ChatGPT's Custom GPTs and the new agent surface will let you do most of this without writing code. So will Claude's projects/skills system. The pieces are off-the-shelf now in a way they weren't twelve months ago.
Bonus: clean your context
One aside that's worth flagging because it's a common cause of model weirdness: every message you send to a chat model includes the entire prior conversation. If you've been talking to ChatGPT about flights to Barbados for forty minutes and then ask it about Berkovits, the model's working state is full of unrelated context, and reasoning quality degrades. Start a new thread aggressively, or compact when the tool supports it. This alone reduces hallucinations more than people expect.
The summary for Mike
There's no "best AI for Jewish textual research". There's no best AI for legal research, or PubMed research, or any specialist-corpus research. The premise is wrong. The model is a reasoning engine; the corpus is a separate concern, and it's the corpus that determines whether the answers are real or fluent fiction.
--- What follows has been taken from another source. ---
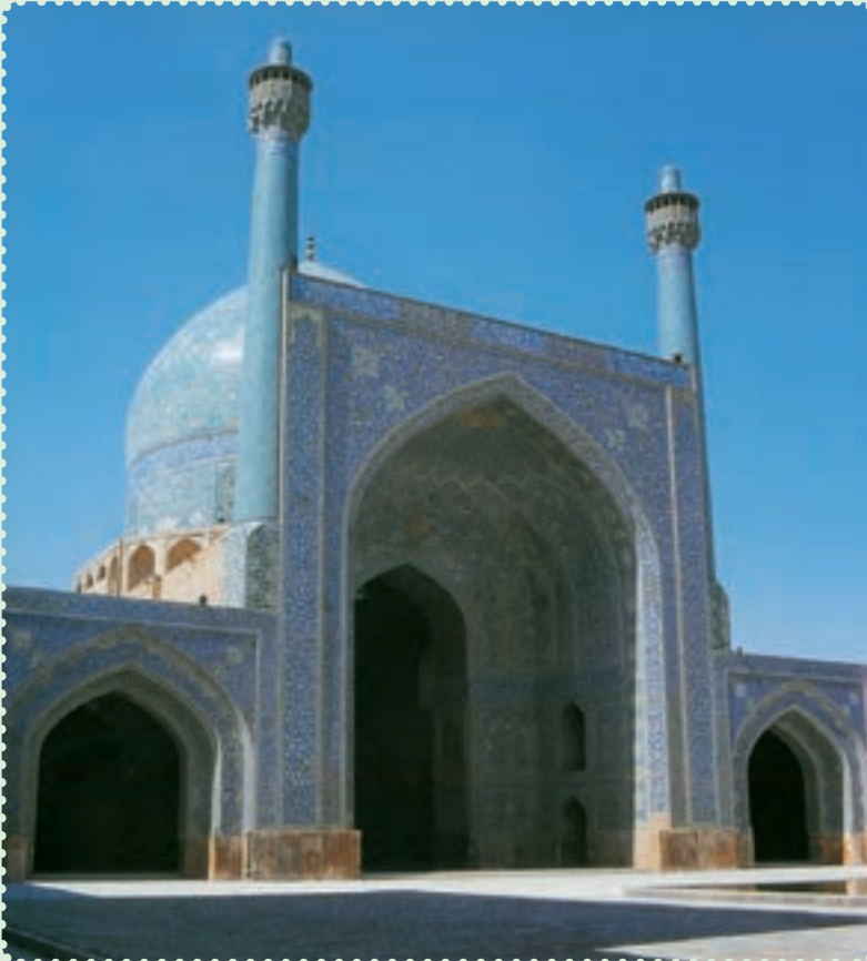
مسجد امام از آثار دوره صفوی در اصفهان

صفویان حکومتی تشکیل دادند که بیش از دو سده دوام یافت. در پرتو این حکومت مقتدر، علاوه بر برقراری امنیت و رونق اقتصادی، پیشرفت بازرگانی و کشاورزی و صنعت، تشکیل ارتش منظم و سیاست خارجی مقتدرانه، آنها توانستند فرهنگ و تمدن ایران و اسلام را بار دیگر شکوفا کنند. هنر و معماری در این دوره نیز از نظر کمی و کیفی توسعه و تحول یافت. اصفهان، پایتخت صفویان، دارای مجموعه‌ای از معماری عصر صفوی است که نشان می‌دهد، معماری ایرانی

If you depend on reliable retrieval from a specialist body of text — Jewish sources, Israeli case law, medical literature, your own company's documentation — the move is the same every time: take a competent model, connect it to a curated source via RAG or MCP, and constrain the role with a system prompt. The differences between models at the reasoning layer are real, but they're not what's making your assistant cite a translation of the wrong book.
The reason all of this feels suddenly tractable is that the connective tissue — MCP, agent skills, well-built domain servers like Sefaria's — has matured to the point where you can wire it up in an afternoon. That's the part of the stack worth paying attention to. Not which model has a marginal edge on a benchmark you'll never run.